Addressing Europe’s Infrastructure Gap

The European fund market, which manages approximately €22.9 trillion in assets, is still heavily reliant on outdated systems. According to a recent Ernst & Young report, the digitalization of fund servicing in Europe scores just 1.6 out of 5, highlighting a critical need for modernization. Despite an 8.8% growth in assets under management over the past five years, profits have only increased by 0.7%, underscoring the pressure on margins and the inefficiencies in the current system.

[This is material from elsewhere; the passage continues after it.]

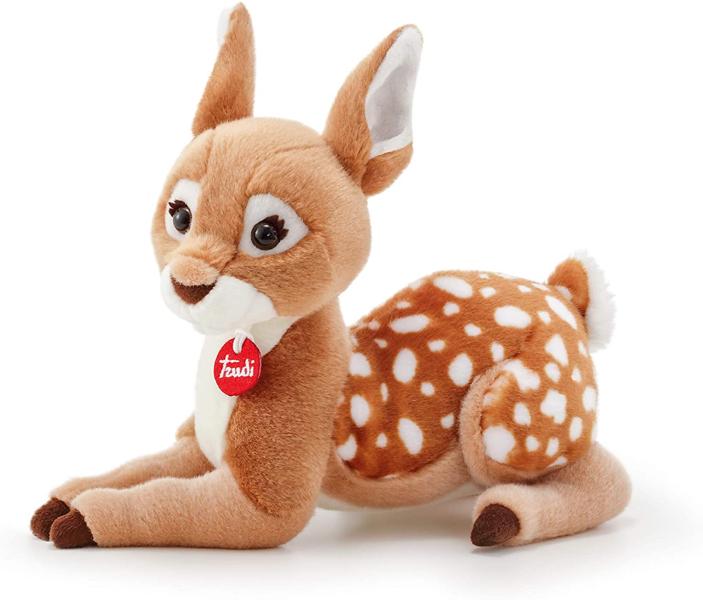 Il cerbiatto Berty conquista per la sua espressione dolcissima, ottenuta grazie alla riproduzione fedele dei suoi caratteristici occhioni e al musetto delicato. Da sempre simbolo della rinascita, è riprodotto con il suo caratteristico mantello rossiccio, decorato con le tipiche macchioline biancastre. Il cucciolo è ritratto in una posizione semisdraiata, con le zampette piegate e le orecchie all'insù. Il peluche è lavabile in lavatrice a 30°, quando la misura lo consente, in alternativa può essere lavato a mano, utilizzando una spugna e sapone neutro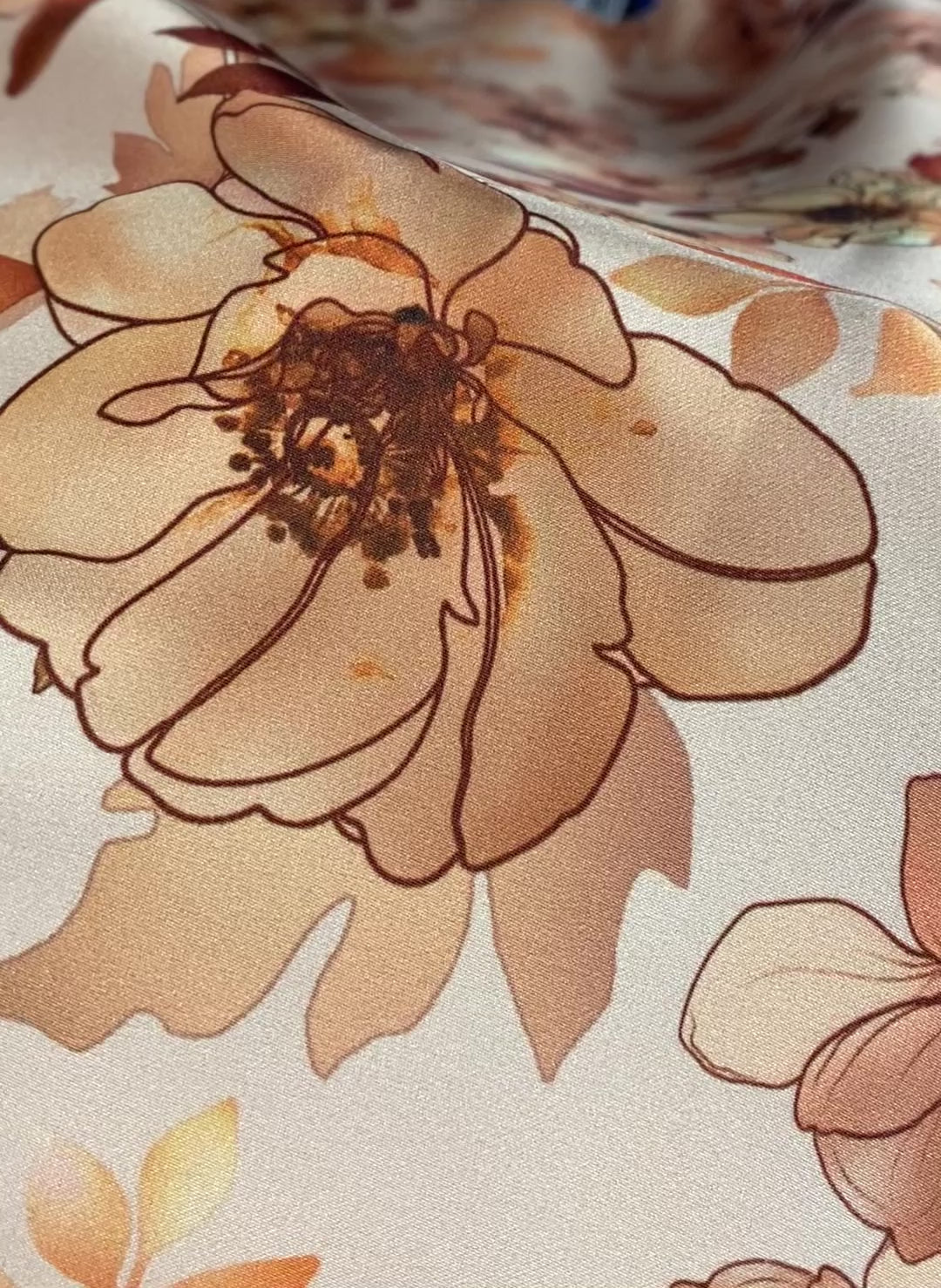 Soft beige floral fabric with brown and cream tones. Ideal for dresses, blouses, and home textiles.

NaroIQ’s platform leverages API-first architecture and cloud-native technology to automate fund operations that are traditionally manual and fragmented. This approach not only reduces operational costs but also accelerates time-to-market for new products, offering a lifeline to smaller players in a market increasingly dominated by a handful of large firms.

Challenging US Market Control

Currently, US-based firms manage two-thirds of European ETFs and handle administrative tasks for four-fifths of them. The top five ETF providers control 75% of the market share, raising concerns about concentration of power and lack of financial sovereignty in Europe.

NaroIQ aims to counter this imbalance by offering a European-built alternative that supports local fund providers. The startup’s infrastructure is designed to lower barriers to entry, enabling a more diverse and competitive ecosystem.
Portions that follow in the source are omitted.